## [SUPPLIED MATERIAL]

=== Begin Enclosure ===

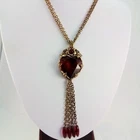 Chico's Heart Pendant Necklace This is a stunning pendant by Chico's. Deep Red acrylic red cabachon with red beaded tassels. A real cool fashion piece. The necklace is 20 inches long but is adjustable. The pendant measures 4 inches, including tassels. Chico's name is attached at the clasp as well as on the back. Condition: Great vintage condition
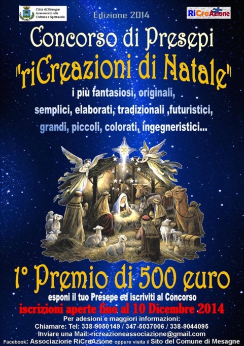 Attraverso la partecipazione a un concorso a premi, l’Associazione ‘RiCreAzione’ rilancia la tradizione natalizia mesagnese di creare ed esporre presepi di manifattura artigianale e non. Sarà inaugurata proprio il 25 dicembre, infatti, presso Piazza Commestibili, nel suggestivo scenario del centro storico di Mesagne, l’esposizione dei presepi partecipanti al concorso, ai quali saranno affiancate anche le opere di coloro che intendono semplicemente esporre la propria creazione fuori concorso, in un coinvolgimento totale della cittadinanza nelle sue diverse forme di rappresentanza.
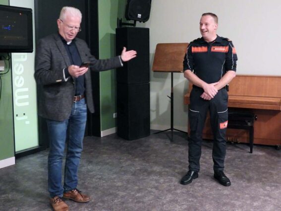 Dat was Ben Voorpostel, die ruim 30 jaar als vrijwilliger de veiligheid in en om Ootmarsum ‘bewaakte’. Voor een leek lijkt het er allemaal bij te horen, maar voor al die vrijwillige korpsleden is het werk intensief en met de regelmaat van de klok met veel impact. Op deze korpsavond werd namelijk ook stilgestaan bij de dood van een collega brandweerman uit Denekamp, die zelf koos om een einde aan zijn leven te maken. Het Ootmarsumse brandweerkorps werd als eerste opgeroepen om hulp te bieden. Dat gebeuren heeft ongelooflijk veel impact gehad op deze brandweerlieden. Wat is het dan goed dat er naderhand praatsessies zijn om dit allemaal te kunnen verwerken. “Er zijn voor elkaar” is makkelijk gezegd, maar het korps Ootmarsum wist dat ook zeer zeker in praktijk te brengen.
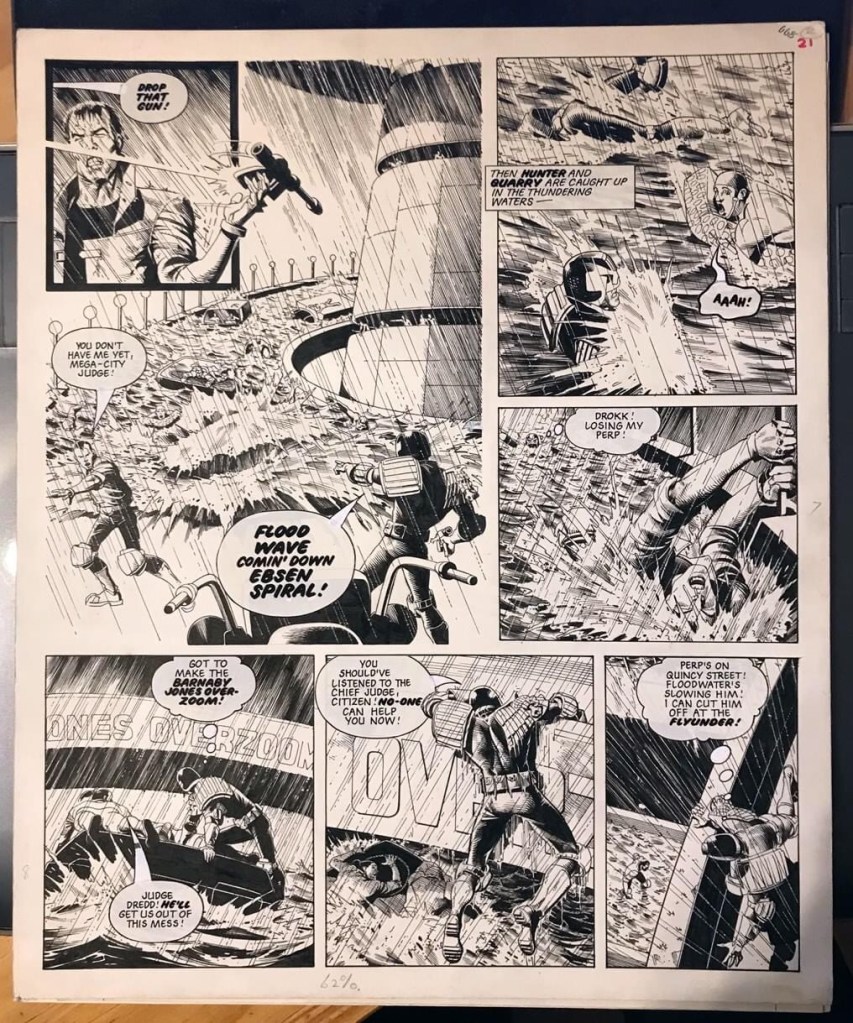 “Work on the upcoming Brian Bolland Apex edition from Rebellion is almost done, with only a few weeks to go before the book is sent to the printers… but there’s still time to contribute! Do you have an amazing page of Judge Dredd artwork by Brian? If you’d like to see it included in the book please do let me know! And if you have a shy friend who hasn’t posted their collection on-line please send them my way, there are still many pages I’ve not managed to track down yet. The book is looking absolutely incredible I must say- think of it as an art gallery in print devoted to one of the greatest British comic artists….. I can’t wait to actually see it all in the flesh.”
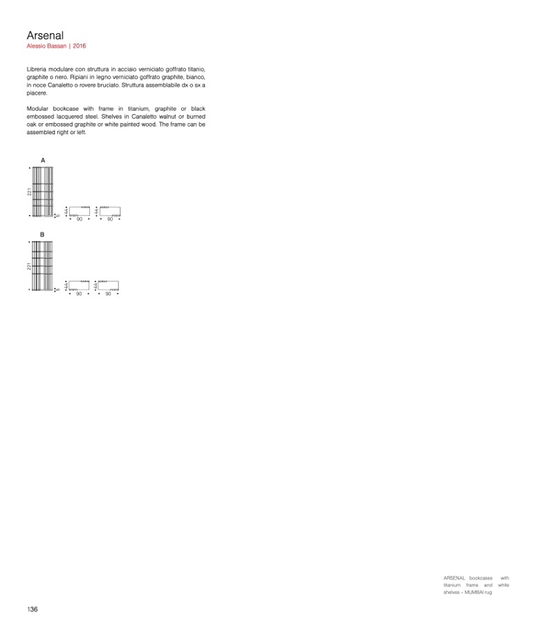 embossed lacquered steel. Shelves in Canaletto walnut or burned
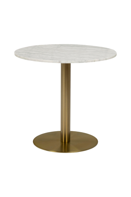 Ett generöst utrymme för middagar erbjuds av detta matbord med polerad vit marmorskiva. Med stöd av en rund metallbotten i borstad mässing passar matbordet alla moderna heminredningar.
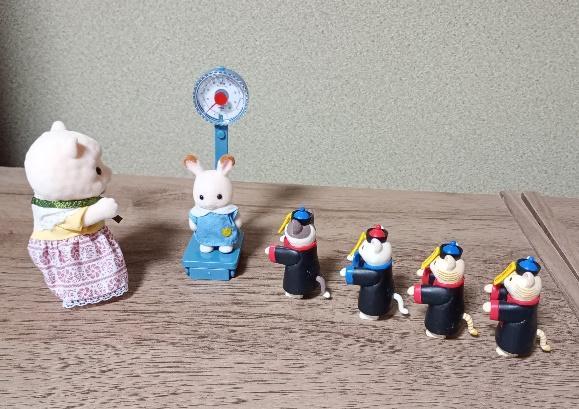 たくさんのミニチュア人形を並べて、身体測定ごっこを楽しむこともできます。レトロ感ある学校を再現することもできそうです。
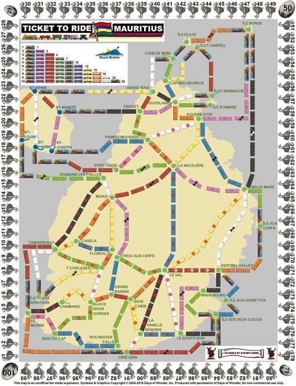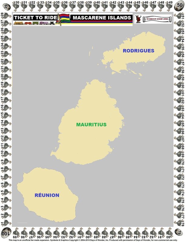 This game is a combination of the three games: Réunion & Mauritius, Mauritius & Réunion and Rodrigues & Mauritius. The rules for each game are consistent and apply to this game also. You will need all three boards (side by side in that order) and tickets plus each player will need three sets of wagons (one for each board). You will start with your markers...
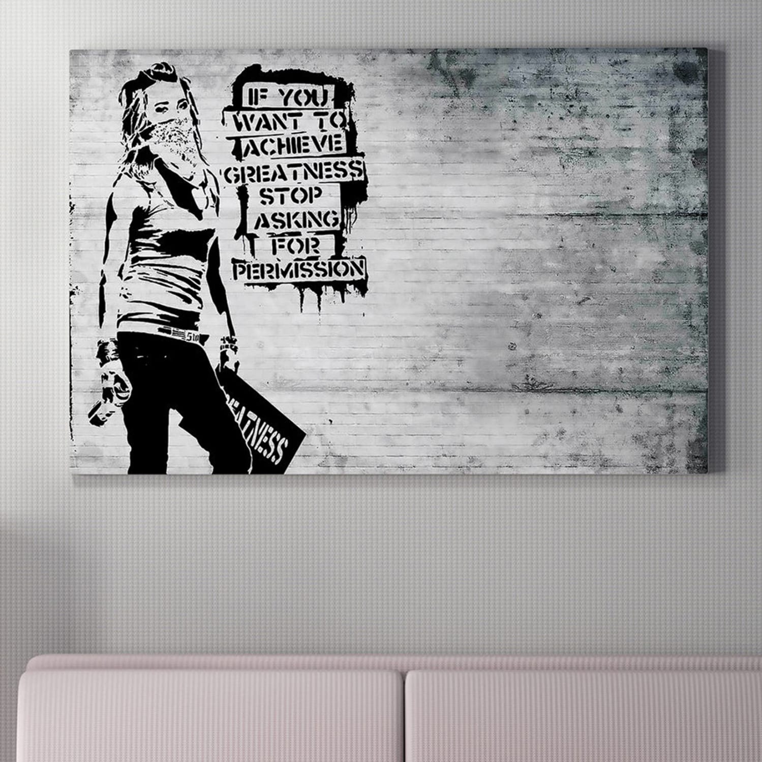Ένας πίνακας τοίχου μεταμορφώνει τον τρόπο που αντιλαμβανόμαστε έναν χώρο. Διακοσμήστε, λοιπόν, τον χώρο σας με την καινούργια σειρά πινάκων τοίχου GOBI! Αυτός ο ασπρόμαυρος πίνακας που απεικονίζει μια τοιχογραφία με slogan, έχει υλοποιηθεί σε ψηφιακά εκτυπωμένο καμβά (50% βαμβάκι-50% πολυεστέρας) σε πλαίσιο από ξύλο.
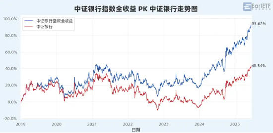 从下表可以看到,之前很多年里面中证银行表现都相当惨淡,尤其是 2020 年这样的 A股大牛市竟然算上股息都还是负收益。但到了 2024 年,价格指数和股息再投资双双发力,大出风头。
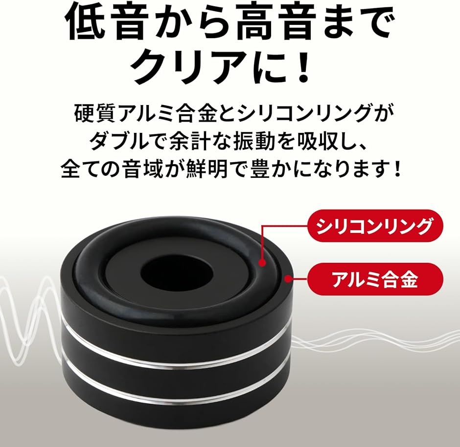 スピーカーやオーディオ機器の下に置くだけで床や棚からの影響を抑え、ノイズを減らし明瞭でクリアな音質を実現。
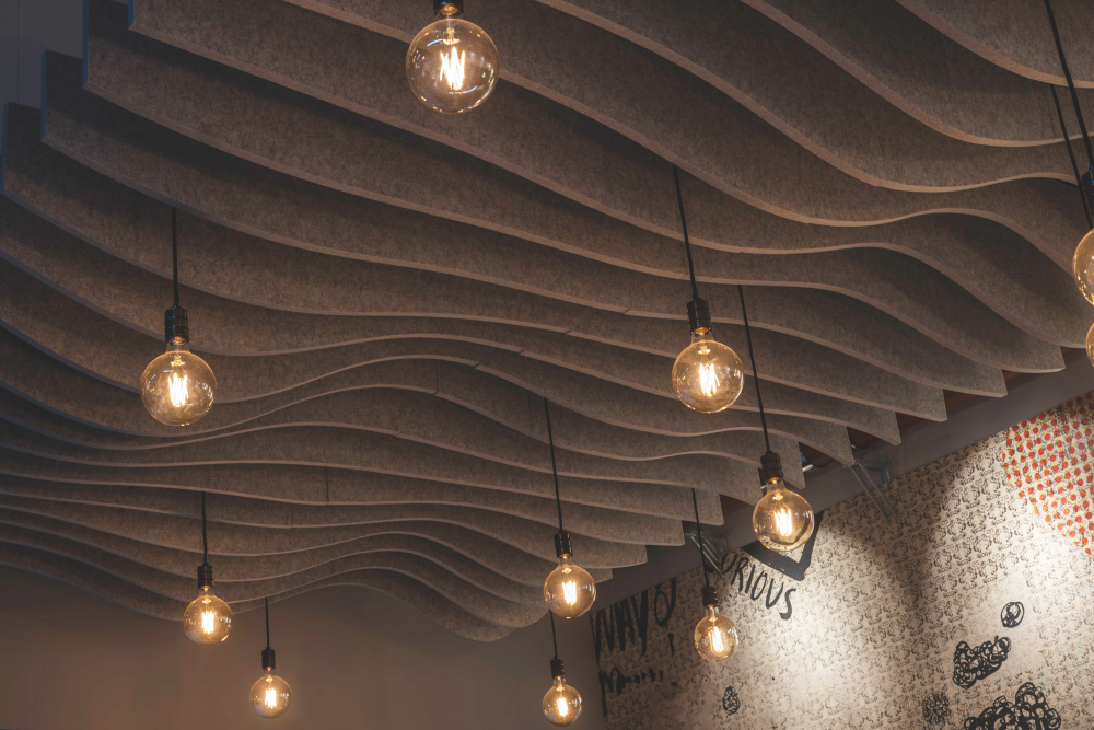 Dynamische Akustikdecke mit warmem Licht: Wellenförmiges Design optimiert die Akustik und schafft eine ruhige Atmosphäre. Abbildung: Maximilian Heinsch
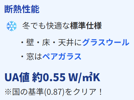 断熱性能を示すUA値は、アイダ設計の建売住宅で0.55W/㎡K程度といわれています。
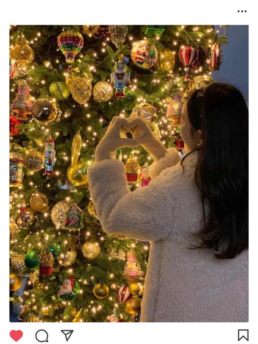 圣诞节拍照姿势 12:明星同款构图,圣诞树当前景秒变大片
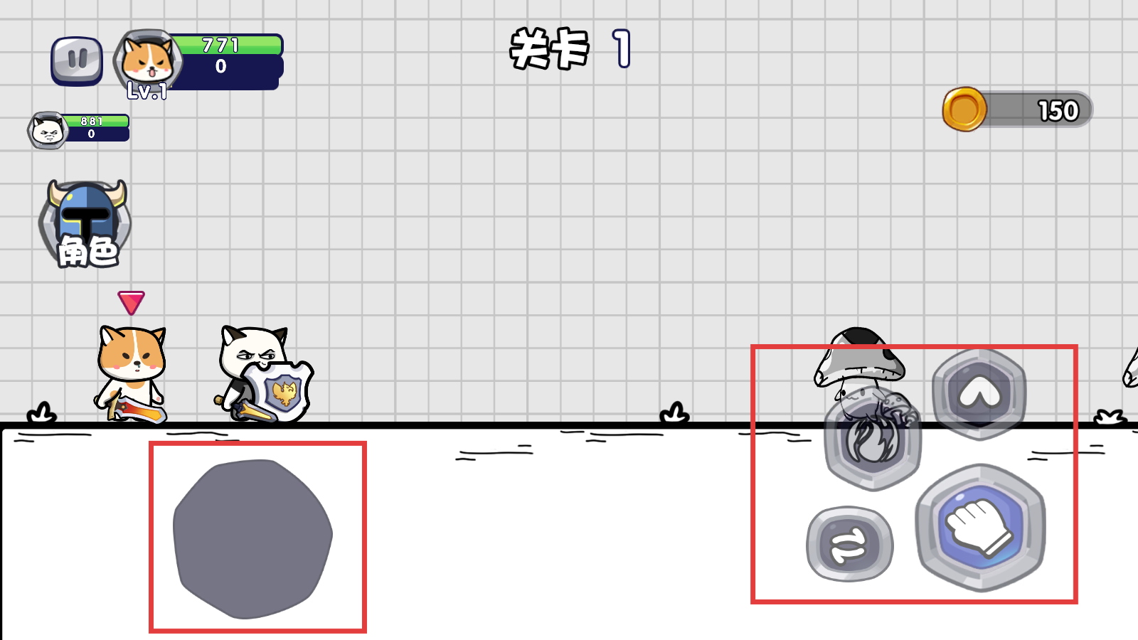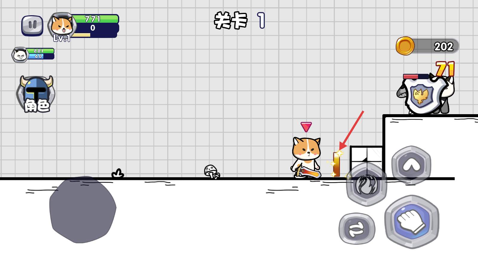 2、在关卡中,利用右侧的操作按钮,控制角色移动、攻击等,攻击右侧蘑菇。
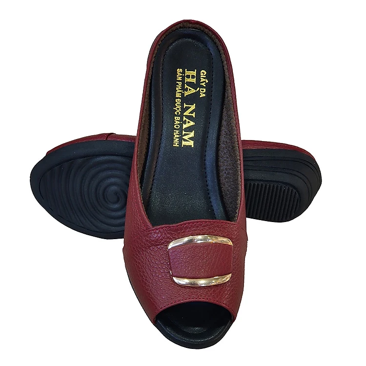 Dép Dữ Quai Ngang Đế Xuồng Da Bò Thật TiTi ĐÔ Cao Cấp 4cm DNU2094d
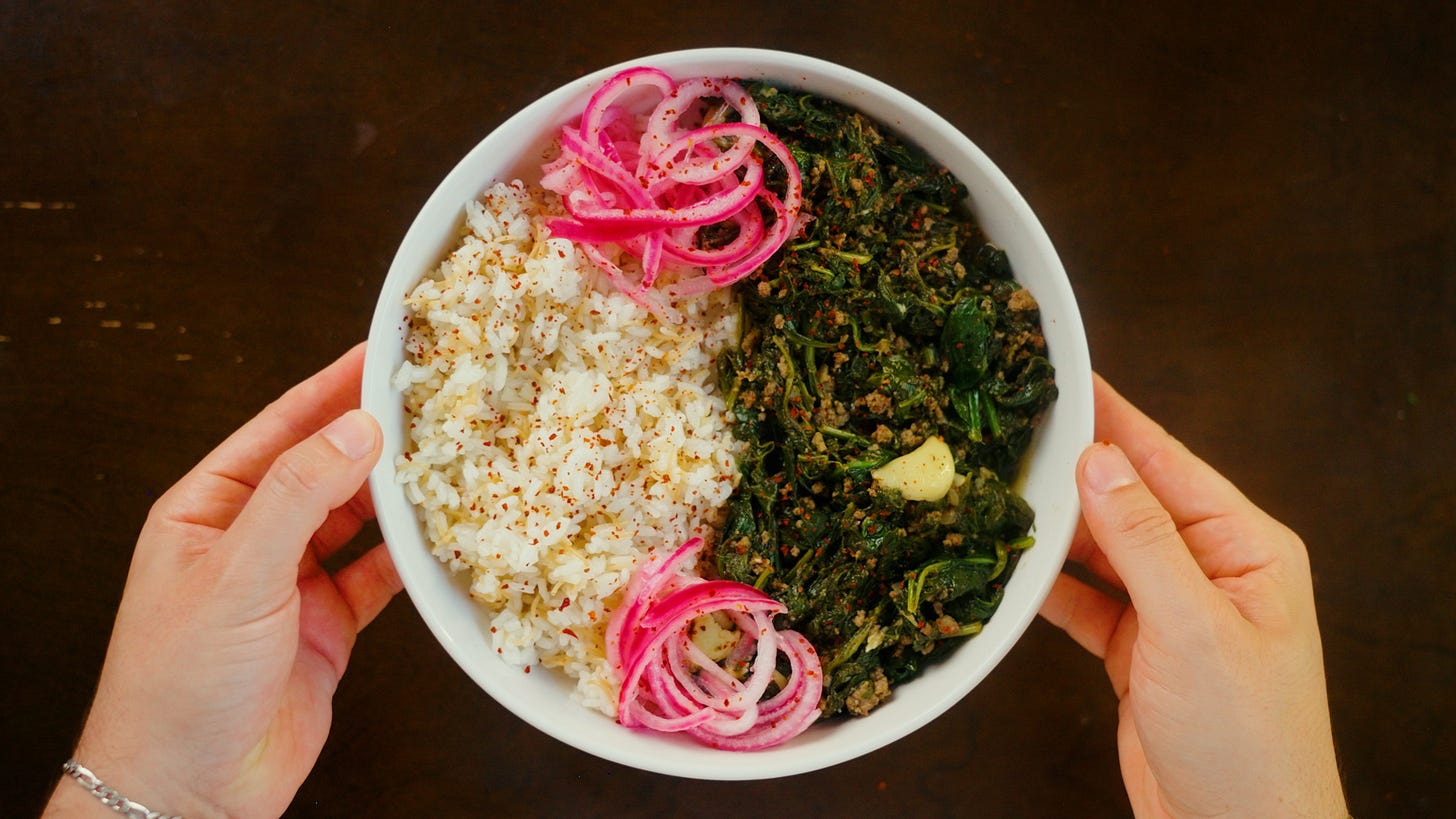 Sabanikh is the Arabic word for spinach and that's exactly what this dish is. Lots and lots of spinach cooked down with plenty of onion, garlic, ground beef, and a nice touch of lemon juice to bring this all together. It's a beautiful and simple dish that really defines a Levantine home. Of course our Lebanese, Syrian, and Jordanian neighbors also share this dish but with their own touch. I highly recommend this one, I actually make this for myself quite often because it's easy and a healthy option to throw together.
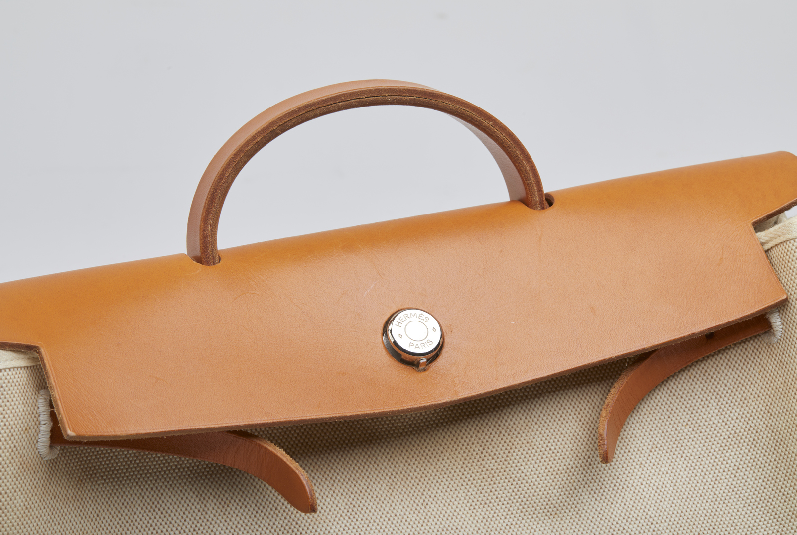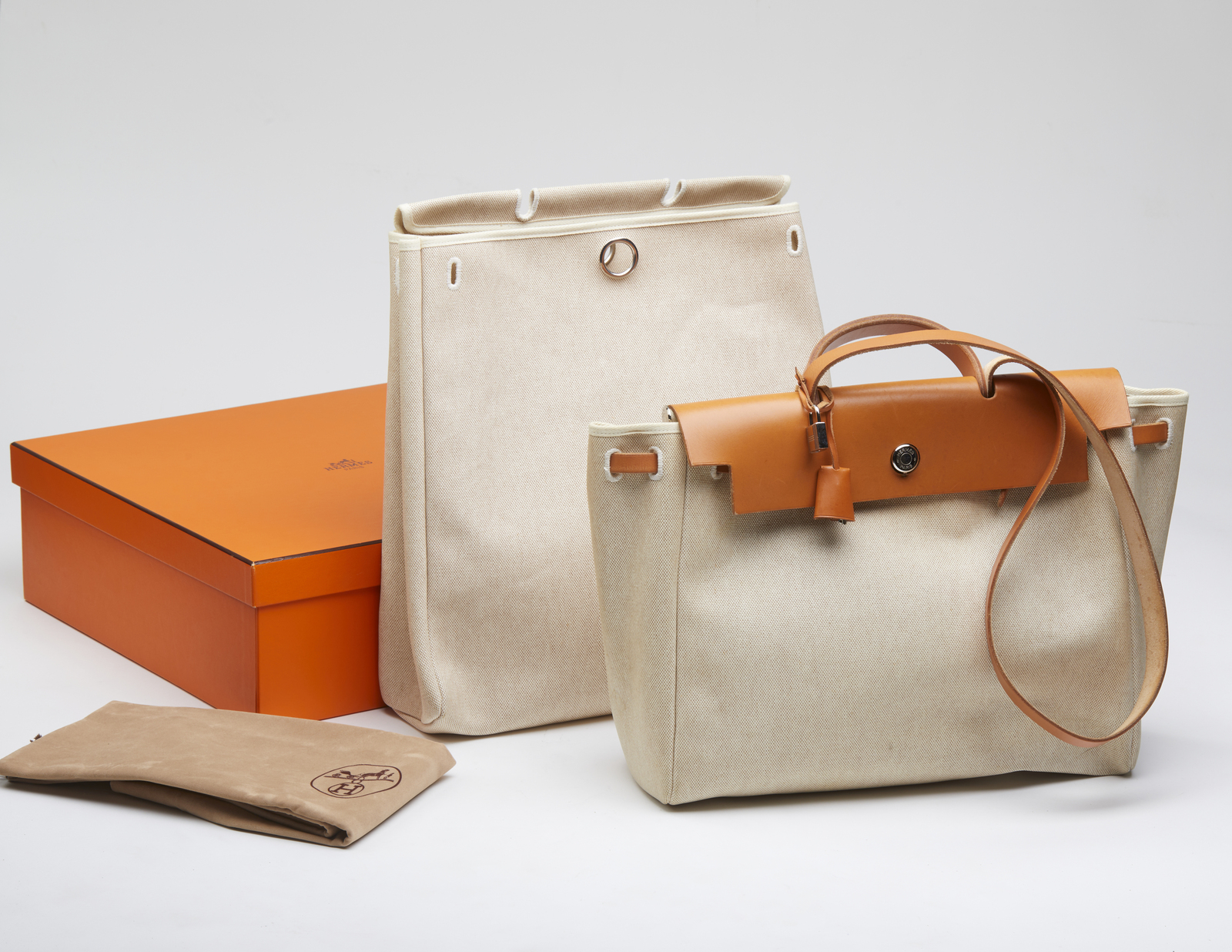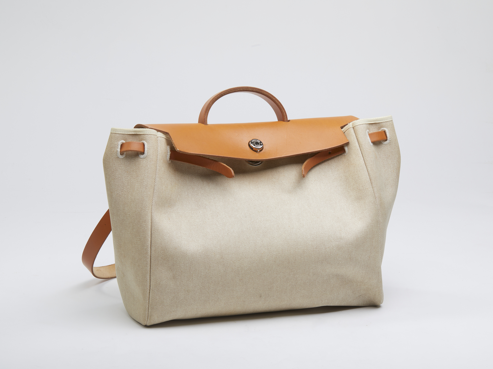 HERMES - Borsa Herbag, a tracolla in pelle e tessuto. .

=== End Enclosure ===

## [TASK STATEMENT]
The lines to set down run from the line with "embossed lacquered steel." up to and including the line with "たくさんのミニチュア人形を並" in the entries above. Reproduce them exactly, with no pictures.

## [YOUR SOLUTION]
 embossed lacquered steel. Shelves in Canaletto walnut or burned
 Ett generöst utrymme för middagar erbjuds av detta matbord med polerad vit marmorskiva. Med stöd av en rund metallbotten i borstad mässing passar matbordet alla moderna heminredningar.
 たくさんのミニチュア人形を並べて、身体測定ごっこを楽しむこともできます。レトロ感ある学校を再現することもできそうです。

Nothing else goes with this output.